FUNCTIONS OF SEMINAL FLUID PROTEASES AND THEIR INHIBITORS
Given the recent explosion in Sfp identification across diverse taxa, we can hope to uncover common themes for Sfp function as well as species-specific Sfp roles. Studies of Sfp proteolysis regulators, especially in model organisms, will aid in understanding of pathways mediated by seminal fluid. Below, we highlight functional studies of proteolysis regulators in the seminal fluid.
Sfp-mediated proteolysis and its regulation in insect ovulation and egg-laying
In most insects, mating—specifically receipt of Sfps—induces high levels of oogenesis, ovulation, and egg-laying (Avila et al. 2011). Serine protease Sfps have been implicated in several species in this mating-induced increase in egg production. A trypsin-like serine protease in the Allonemobius socius complex of crickets is necessary for full induction of egg-laying after mating (Marshall et al. 2009). This protease, ejac-sp, is one of the most abundant proteins in the cricket spermatophore (a discrete package of seminal fluid and sperm that is deposited by the male for female insemination). The abundance of ejac-sp has been shown to decline with male age, along with the male's ability to induce egg-laying in females (Marshall et al. 2009). RNAi knockdown of the ejac-sp protein in male crickets led to reduced levels of the protein in the ejaculate, which correlated with reduced numbers of eggs laid by females mated to these males. Ejac-sp is also a candidate speciation gene, as it shows a high level of divergence due to positive selection between two related cricket species (Marshall et al. 2011; Marshall et al. 2009).

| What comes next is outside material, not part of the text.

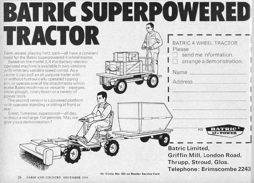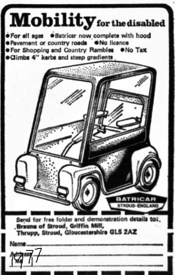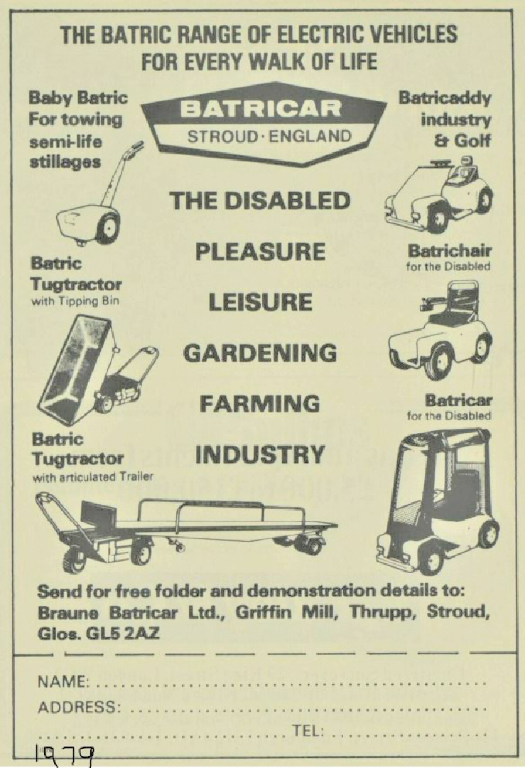 This page also refers to Batric, Batric Limited, Braune Batricar Ltd, and Braune of Stroud, all of  Griffin Mill, Thrupp, Stroud, Glos.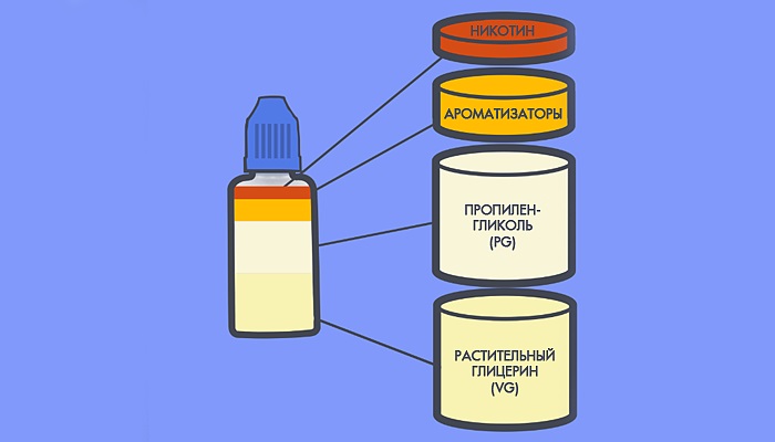 VG розшифровується як Vegetable Glycerin – рослинний гліцерин у перекладі. PG - відповідно пропіленгліколь. Якість рідини для електронної сигарети залежить від співвідношення цих двох речовин, а конкретніше від них залежить димність і в'язкість жижи. Чим більше гліцерину тим густіша жижа та дим відповідно. При цьому пара не дратує горло. Чим більше пропіленгліколю тим більше рідка рідина, пара стає рідше, але є деякі неприємні відчуття в горлі.

In Drosophila melanogaster, a predicted trypsin-like serine protease in the seminal fluid, seminase (CG10586), is also required for normal induction of egg-laying in mated females (LaFlamme et al. 2012). Females mated to seminase RNAi knockdown males lay eggs in similar numbers to controls during the first 24 hours after mating, but fail to maintain a high level of egg-laying in the following days, resulting in a large decrease in the total number of eggs laid over a 10 day experiment. This reduction appears to be due to a defect in sperm release from the seminal receptacle, the major sperm storage organ in D. melanogaster females. Seminase interacts genetically (and likely physically) with several other Sfps in a network that ultimately leads to binding of the peptide hormone sex peptide (another Sfp) to sperm (LaFlamme et al. 2012; Ravi Ram and Wolfner 2007; Ravi Ram and Wolfner 2009) as illustrated in Figure 1. Sex peptide is required for the maintenance of post-mating responses in D. melanogaster, including elevated levels of egg-laying and decreased sexual receptivity (Chapman et al. 2003; Peng et al. 2005). Sex peptide is also required for the efficient release of sperm from storage over time (Avila et al. 2010). Sex peptide achieves this long-term effect by being gradually released from sperm by an as yet unidentified trypsin protease (Peng et al. 2005) and signaling through its receptor in the female (Yapici et al. 2008). Seminase is required to localize sex peptide and other Sfps in the network to the female sperm storage organs and is thus indirectly responsible for sex peptide's long-term effects (LaFlamme et al. 2012).
Figure 1. The Drosophila seminal fluid protease `seminase' regulates long- and short-term post-mating responses.
The trypsin-like protease seminase is cleaved while still in the male reproductive tract during mating, leading to the processing of the astacin metalloprotease CG11864. Both cleavages are predicted to active the respective proteases. Seminase is required for localization of other Sfps to the female sperm storage organs, which in turn is required for the post-mating processes regulated by sex peptide (right half of figure). As depicted, sex peptide is cleaved only from the sperm tail and not the head (Peng et al. 2005). In the short-term response pathway, seminase—through activation of CG11864—regulates processing of two Sfps: ovulin and Acp36DE (left half of figure). The trypsin protease inhibitor Acp62F may also interact with this pathway, as it affects ovulin processing. See text for references.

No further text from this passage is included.